Aux termes de deux arrêts rendus le 25 mai 2023, la troisième chambre civile de la Cour de cassation est venue préciser sa position sur ces sujets. 

D’une part, elle rappelle que l’action qui tend à faire constater l’existence d’un bail commercial, soumis au régime prévu par les articles L.145-1 et suivants du Code de commerce, n’est soumise à aucune prescription lorsque l’existence du bail commercial découle de plein droit de l’application des dispositions de l’article L.145-5 du Code de commerce (Cass. Civ. 3ème, 25 mai 2023, pourvoi n° 21-23.007, Publié au bulletin : « la demande tendant à faire constater l’existence d’un bail commercial statutaire, né du maintien en possession du preneur à l’issue d’un bail dérogatoire, qui résulte du seul effet de l’article L. 145-5 du code de commerce, n’est pas soumise à prescription »).

La solution n’est pas nouvelle : dans un arrêt du 1er octobre 2014 (Cass.
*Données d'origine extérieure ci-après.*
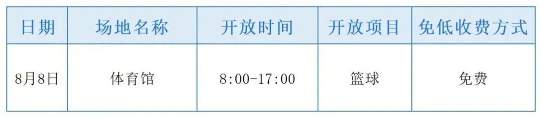 8月8日9:00-21:00,室外足球场、室外篮球场免费开放。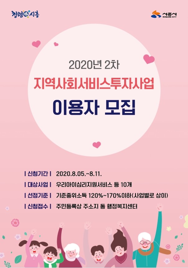 [세계로컬타임즈 장선영 기자] 시흥시는 2020년도 2차 지역사회서비스투자사업 바우처 이용자를 모집한다.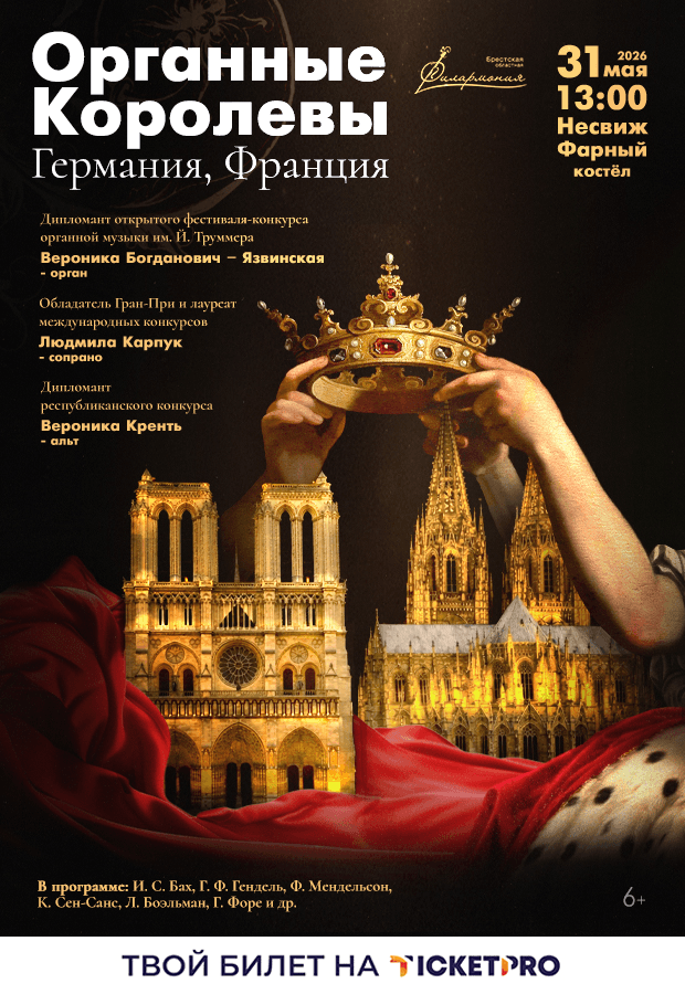 31 мая в 13:00 приглашаем всех жителей и гостей г. Несвиж в Фарный костёл наконцертную программу «Органные Королевы - Германия, Франция», где встретятся композиторы двух самых органных стран мира, не тускнеющий блеск барокко и бескрайний полет романтизма. Барокко и романтизм – прекрасное сочетание, позволяющее публике ощутить неисчерпаемые возможности Короля инструментов. Гениальное наследие Баха – точка отсчета в истории органного искусства, оказавшее влияние на композиторов разных стран и эпох.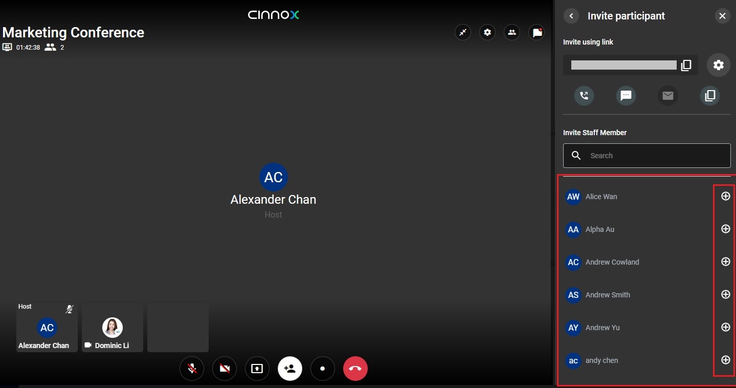 Click the (+) icon beside the staff member's name. The CINNOX Dashboard and App will notify the staff member of the invitation for the conference call. Once they accept, CINNOX will add them as a participant in the conference.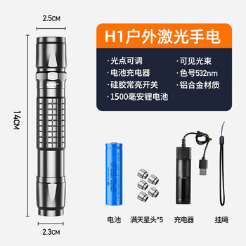 惠斯特H1激光手电×1 ;18650电池×1; 充电器×1; 满天星头×5 ;挂绳*1;

Civ. 3ème, 1er octobre 2014, pourvoi n° 13-16.806, publié au Bulletin), la Cour de cassation indiquait : « la demande tendant à faire constater l’existence d’un bail soumis au statut né du fait du maintien en possession du preneur à l’issue d’un bail dérogatoire, qui résulte du seul effet de l’article L. 145-5 du code de commerce, n’est pas soumise à la prescription biennale ».

D’autre part, la Cour de cassation opère un revirement de jurisprudence à propos du point de départ de l’action en requalification d’un contrat en bail commercial. 

Auparavant, elle considérait que : « le point de départ de la prescription biennale applicable à la demande tendant à la requalification d’une convention en bail commercial court à compter de la date de la conclusion du contrat, peu important que celui-ci ait été renouvelé par avenants successifs » (Cass. Civ. 3ème, 14 septembre 2017, pourvoi n° 16-23.590, publié au Bulletin).

Cette solution constante a été réitérée à de très nombreuses reprises, y compris récemment (Cass. Civ. 3ème, 7 décembre 2022, pourvoi n° 21-23.103, publié au Bulletin ; Cass. Civ. 3ème, 28 septembre 2022, pourvoi n° 21-17.907 ; Cass. Civ. 3ème, 29 novembre 2018, pourvoi n° 17-24.715 ; Cass. Civ. 3ème, 22 mars 2018, pourvois n° 17-13.084 et n° 17-13.103 ; Cass. Civ. 3ème, 3 décembre 2015, pourvoi n° 14-19.146, publié au Bulletin) mais elle a été critiquée par une partie de la doctrine, notamment depuis la loi « Pinel » du 18 juin 2014.

Le point de départ du délai de prescription biennal étant fixé par la jurisprudence à la date de conclusion de la première convention locative conclue entre les parties, cela leur imposait donc d’agir dans les deux ans du début du bail, faute de quoi l’action en requalification était jugée prescrite.

Dans son second arrêt rendu le 25 mai 2023 (Cass. Civ. 3ème, 25 mai 2023, pourvoi n° 22-15.946, Publié au bulletin), la Cour de cassation revient sur cette jurisprudence. 

Désormais, elle retient que : « Le délai de prescription biennale applicable à l’action en requalification d’un contrat en bail commercial court, même en présence d’une succession de contrats distincts dérogatoires aux dispositions du statut des baux commerciaux, à compter de la conclusion du contrat dont la requalification est recherchée », et non la date de conclusion de la convention initiale.

L’action en requalification d’une convention en bail commercial est donc facilitée, à tout le moins sur le plan du délai de prescription.